The smartphone market has never slowed down and innovation just keeps on coming from places one wouldn’t even expect. Recent smartphones tend to have an under-screen sensor giving them a futuristic look. Fingerprint scanners are still considered to be the most secure means of encrypting information but that may soon change. Research from the New York University and the University of Michigan proves that with an AI software which has the ability to by-pass fingerprint security by adapting and improvising on the existing fingerprints till it decrypts the code. The AI is called “DeepMasterPrints” and consists of two working units. The first unit has the job to produce a 2D image of a fingerprint while the second unit differs it from others which allows the software to know if the required print matches the produced print.

Xiaomi showcases quite a similar setup mimicking Apple’s FaceID technology making it much more complex and secure compared to recent Android OEM knockoffs.
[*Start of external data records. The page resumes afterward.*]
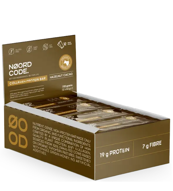 NoordCode Organic Collagen Protein Bar Hazelnut Cacao ist ein geschmackvoller Proteinriegel aus unverarbeiteten Zutaten. Sättigender Snack aus den besten verfügbaren, biologischen Zutaten. 60 g Riegel, einzeln oder in einer 12er-Packung.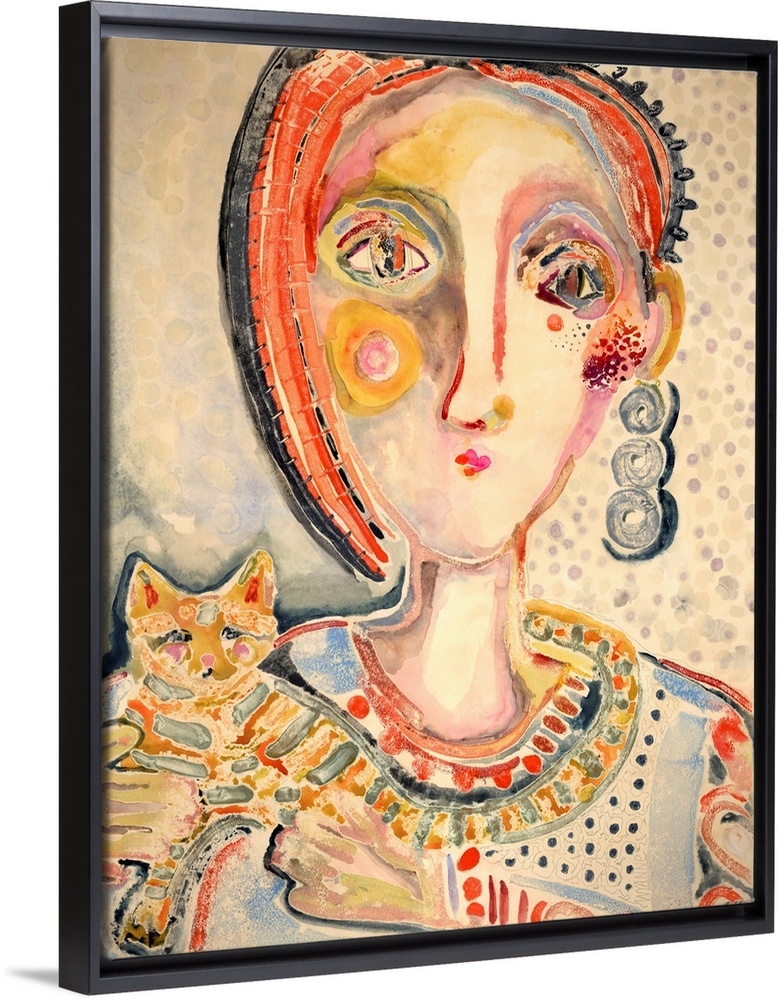 Art Wyanne Art Beige Contemporary Art Painting People Portraits Watercolor Cat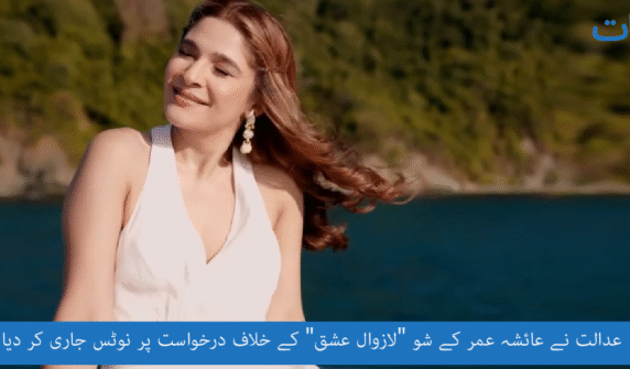 عدالت نے عائشہ عمر کے شو “لازوال عشق” کے خلاف درخواست پر نوٹس جاری کر دیا

Most smartphones, on the other hand, tend to not capture the complete fingerprints which further improves the chance for the AI bypass it. The researchers tested it out on three different levels of security with results ranging from 1.6% success rate to a staggering 76% success rate. This means that if 100 people used the most secure biometric scanner then the data of at least 12 of them will be exposed.

Apple when first announcing the removal of the fingerprint scanner many were not sure if it was the right step to make but looking at the statistics here they may have a point. Apple claimed to have a more secure encryption level by offering the unspoofable Apple ID which even with 3D models cannot be easily fooled. Hence it is proven that fingerprint encryption isn’t necessarily as secure as people may that and it only took a while for a legitimate workaround to be discovered. The facial recognition AI is still pretty new to the market and we may soon know if it lives up to the level of security manufacturers advertise.